Has anyone ever managed to stop Crothian posting?

Cheers!


----------



## Crothian (Apr 26, 2004)

Ao the Overkitty said:
			
		

> I'm sure you will, Crothian, I'm sure you will.
> 
> You'll be able to buy a Super Duper Thingy in no time.




I think I can afford two


----------



## Crothian (Apr 26, 2004)

MerricB said:
			
		

> Has anyone ever managed to stop Crothian posting?




Of course they have, you should have seen it when I was really into posting.  But those posts got deleted.


----------



## MerricB (Apr 26, 2004)

Two? 8)


----------



## Ao the Overkitty (Apr 26, 2004)

Yup.  We shall all remember the purge.

Poor Hive.


----------



## Crothian (Apr 26, 2004)

No, not even close to one...i thought it was cheaper


----------



## Crothian (Apr 26, 2004)

Ao the Overkitty said:
			
		

> Yup.  We shall all remember the purge.
> 
> Poor Hive.




I have all those threads saved.  So, not poor Hive...poor postcount...I lost a lot of posts.


----------



## Ao the Overkitty (Apr 26, 2004)

Nah. you can't afford 2 yet, unless you're storing your money elsewhere as well.  You can aford a bit more then a 1/4 of one, at the moment.


----------



## Crothian (Apr 26, 2004)

Ao the Overkitty said:
			
		

> Nah. you can't afford 2 yet, unless you're storing your money elsewhere as well.  You can aford a bit more then a 1/4 of one, at the moment.




I know...I know....sigh


----------



## Ao the Overkitty (Apr 26, 2004)

Somehow, I don't think your postcount is suffering that much, Croth.  It is still very plump and healthy.  Don't want it exploding from getting to big, do you?
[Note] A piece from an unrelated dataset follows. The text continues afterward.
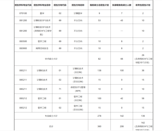 计算机专硕79人扩招为109人,其余专业基本不变。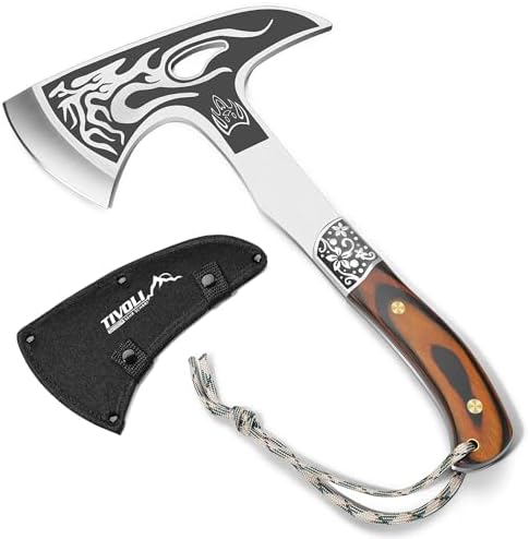 TIVOLI 12.2" Camping Axe, Flame - Patterned Survival Hatchet with Nylon Sheath, High Carbon Steel Blade & Comfortable Ergonomic Wood Grip, Outdoor Bushcraft Axe for Camping, Hiking, Chopping, Hunting

Hmm... I wonder if there is a rollover point where it goes back to zero.  That'd be funny.


----------



## Crothian (Apr 26, 2004)

I was thinking 5 digits mioght be it, but obviously not....so perhaps 6


----------



## Ao the Overkitty (Apr 26, 2004)

Well... whatever it is, you'll be the first to find it.


----------



## Crothian (Apr 26, 2004)

i doubt it, my reign cannot last


----------



## Ao the Overkitty (Apr 26, 2004)

You were challenged for a while on Randomlings, but you've managed to break away there.  No one even comes close here.

Now, if Tejali was posting like she used to, then maybe.


----------



## Crothian (Apr 26, 2004)

even now I post little though


----------



## Ao the Overkitty (Apr 26, 2004)

So, given several years, there is a possibility that someone may catch up to you.

Of course, there is always the possibility of a restart of the boards.  Then you wouldn't be in the lead anymore.


----------



## Crothian (Apr 26, 2004)

Ya, restarting the boarsd and I loose it all...damn them....it already happened to me once before


----------



## Ao the Overkitty (Apr 26, 2004)

What were you up to the first time the boards restarted?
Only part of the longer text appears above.